Patents are among the most complex intellectual property rights. They cover the mechanics of how something is made, and apply to the method of creating or formulating something. Patent protection is very important to inventors, but it can take a long time to formalize patent rights. For this reason, most countries allow inventors who are awaiting a patent decision to put others on notice that patent rights have at least been applied for.
When a product’s label or marketing material says “patent applied for” or “patent pending” — which is sometimes shortened to “pat. pend.” — consumers and competitors are informed that the creator is seeking legal protections. The patent granting process, aside from being timely, is also largely hierarchical. Usually, the first one to claim a patent for a certain method or process usually has seniority. In most cases, the seniority attaches the moment a patent application is filed—not necessarily the moment it is granted. Knowledge that a patent has been applied for can discourage competing patent applications as well as the creation of infringing products.

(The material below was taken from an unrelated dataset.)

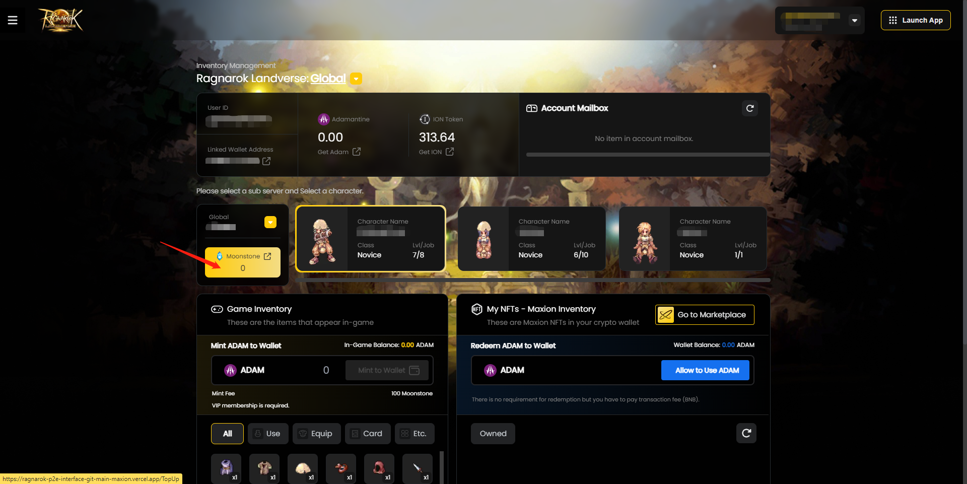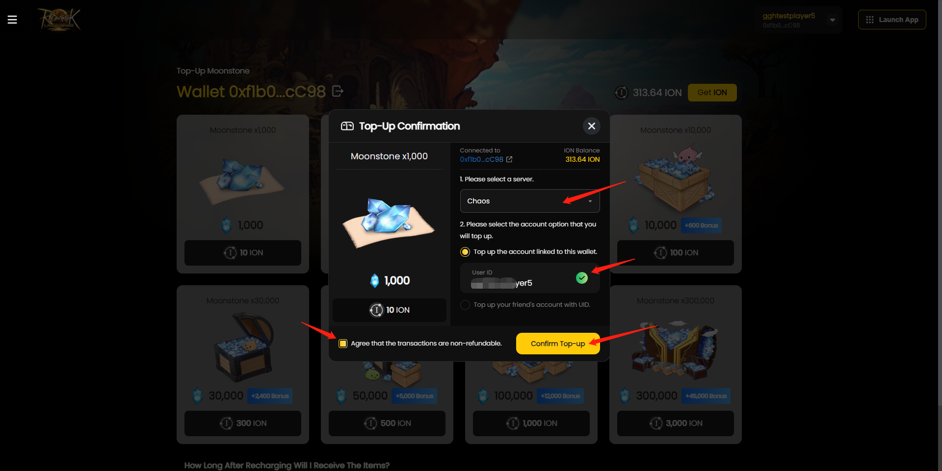 8. As Moonstones compradas serão mostradas na conta do jogo e sincronizadas automaticamente com a conta do jogo dos jogadores. As Moonstones compradas estarão disponíveis para todos os personagens criados na conta do jogo.

Both the United States Patent and Trademark Office, or USPTO, and the United Kingdom’s Intellectual Property Office, or IPO, specifically encourage patent applicants to advertise products as patent pending once a patent application has been filed. “Patent pending” notices give inventors a way to alert the consuming public that the rights underlying the product and its manufacturing are not up for grabs. Affixing a notice also lets the patent agency know that the applicant is serious about protecting the rights.
Notice can be on the product itself, in marketing or advertising material, on product websites, or anywhere that the product is mentioned or discussed. Severe penalties attach in most countries for the misuse of “patent pending” or “patent applied for” labels, however. An applicant whose patent application has been rejected must remove a “patent pending” designation from all products, as the patent is, in fact, no longer pending. The same is true if a patent is granted: an inventor can indicate that the product is protected by patent, but cannot say “patent pending” if the patent is actually in force. If the pending patent is foreign in nature, many countries also require that a "patent pending" notice make the geographical limitations clear.